WHAT THE TASK REQUIRES:
Wherever pictures appear in the listing below, leave them out, and copy exactly, and only, everything from the line with "縞模様の小さな子猫が、クリス" down to the line with "สายตรวจท่าเสน 02 พร้อมกู้ภัยบ้านลาด".

DATA UNDER STUDY:
□ □ □ □
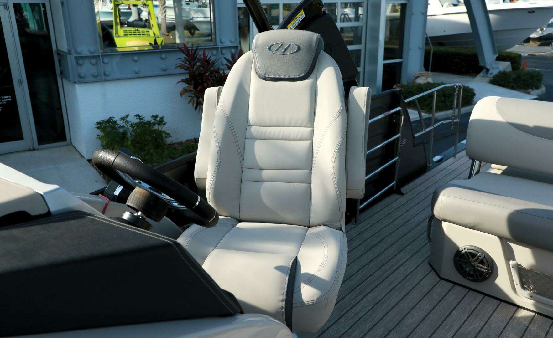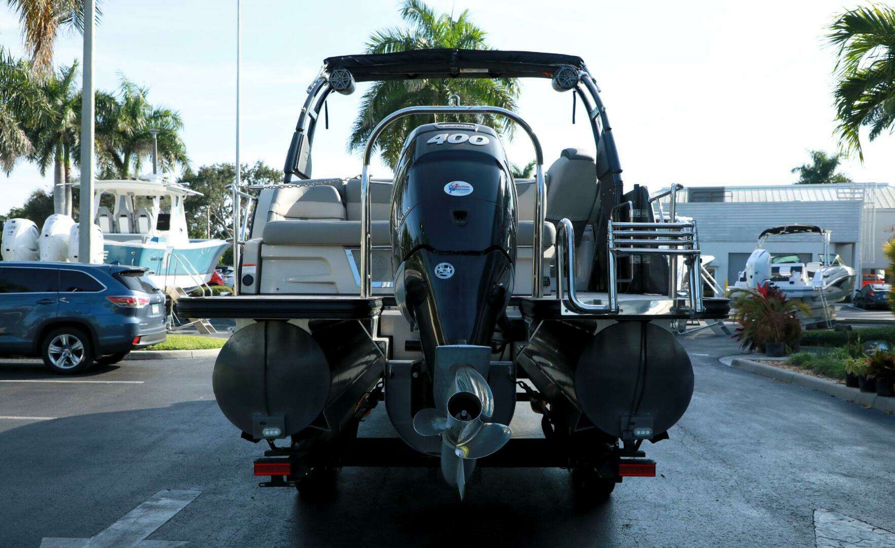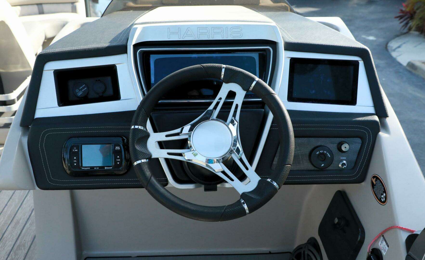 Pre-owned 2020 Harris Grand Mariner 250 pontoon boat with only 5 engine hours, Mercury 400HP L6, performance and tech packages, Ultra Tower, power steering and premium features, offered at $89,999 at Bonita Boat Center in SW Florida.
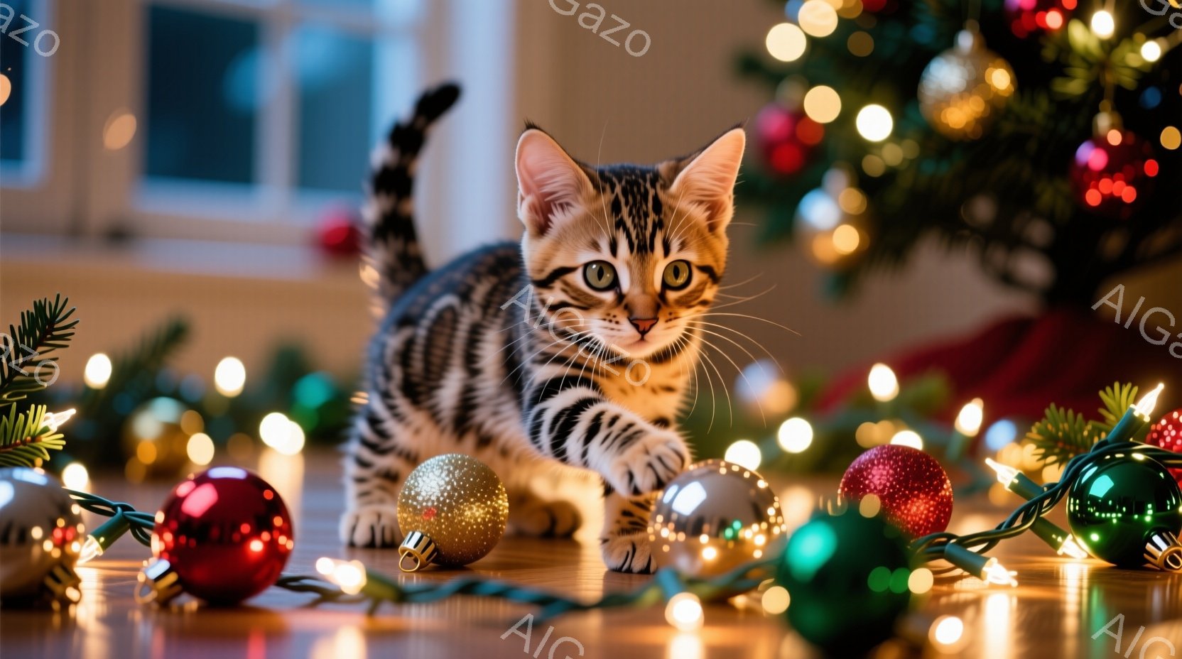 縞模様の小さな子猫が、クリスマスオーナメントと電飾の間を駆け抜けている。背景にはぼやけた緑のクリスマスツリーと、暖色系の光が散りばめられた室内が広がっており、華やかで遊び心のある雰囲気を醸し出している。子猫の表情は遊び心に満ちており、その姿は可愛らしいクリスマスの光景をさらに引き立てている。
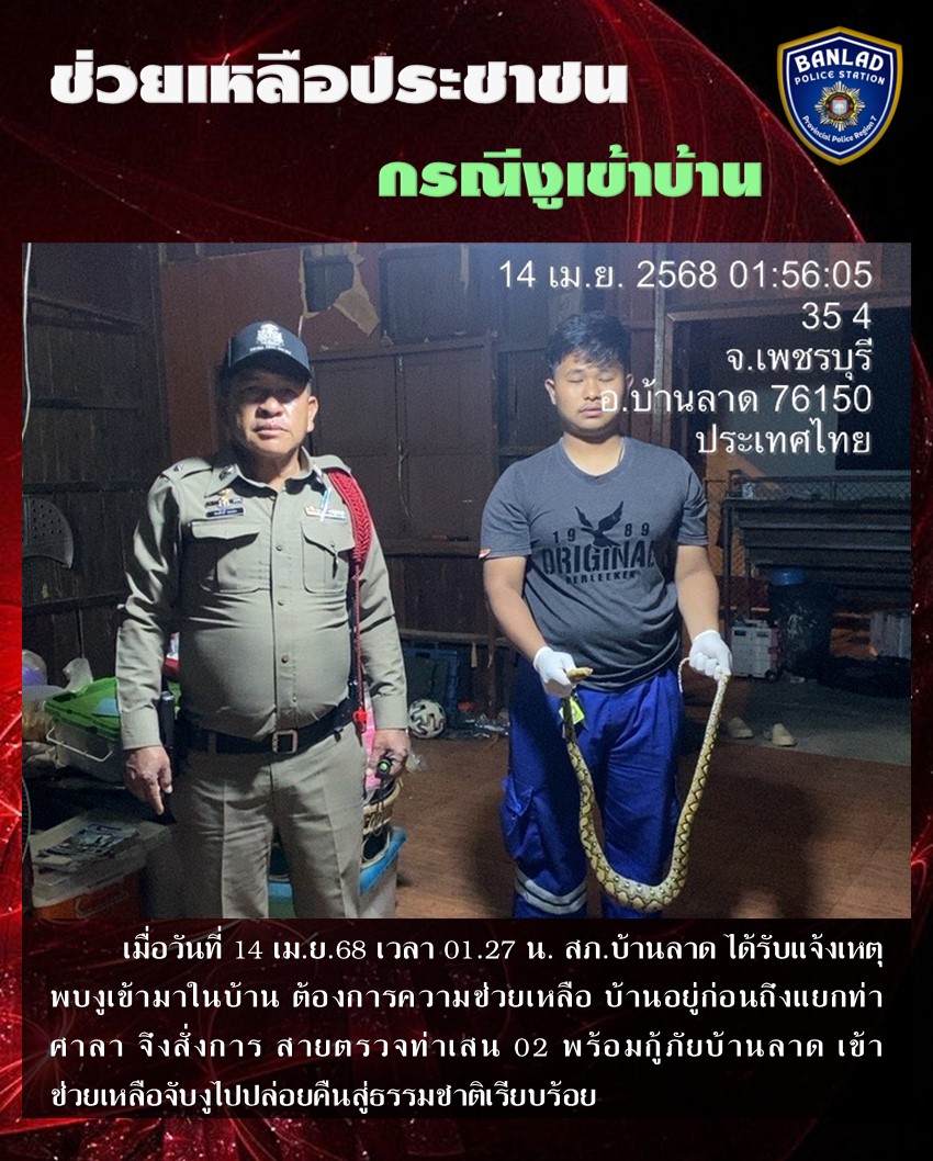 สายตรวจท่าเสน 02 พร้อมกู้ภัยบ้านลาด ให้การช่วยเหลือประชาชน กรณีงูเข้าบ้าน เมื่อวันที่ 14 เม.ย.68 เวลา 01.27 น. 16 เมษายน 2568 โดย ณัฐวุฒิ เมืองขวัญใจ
□ □ □ □
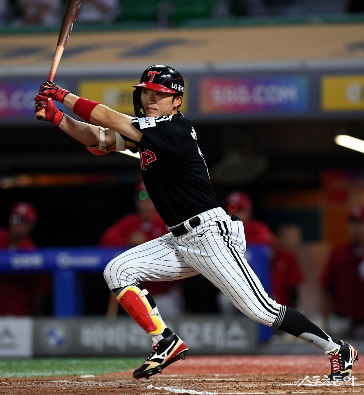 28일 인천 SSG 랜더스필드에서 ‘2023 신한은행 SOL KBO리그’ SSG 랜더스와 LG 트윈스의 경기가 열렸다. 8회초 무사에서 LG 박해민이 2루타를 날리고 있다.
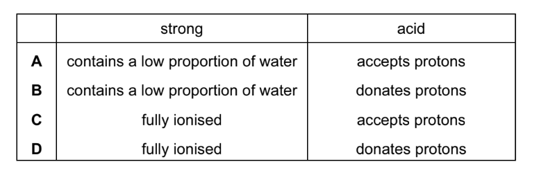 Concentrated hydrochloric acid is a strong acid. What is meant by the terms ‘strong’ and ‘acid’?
□ □ □ □
REPLY TO THE TASK:
 縞模様の小さな子猫が、クリスマスオーナメントと電飾の間を駆け抜けている。背景にはぼやけた緑のクリスマスツリーと、暖色系の光が散りばめられた室内が広がっており、華やかで遊び心のある雰囲気を醸し出している。子猫の表情は遊び心に満ちており、その姿は可愛らしいクリスマスの光景をさらに引き立てている。
 สายตรวจท่าเสน 02 พร้อมกู้ภัยบ้านลาด ให้การช่วยเหลือประชาชน กรณีงูเข้าบ้าน เมื่อวันที่ 14 เม.ย.68 เวลา 01.27 น. 16 เมษายน 2568 โดย ณัฐวุฒิ เมืองขวัญใจ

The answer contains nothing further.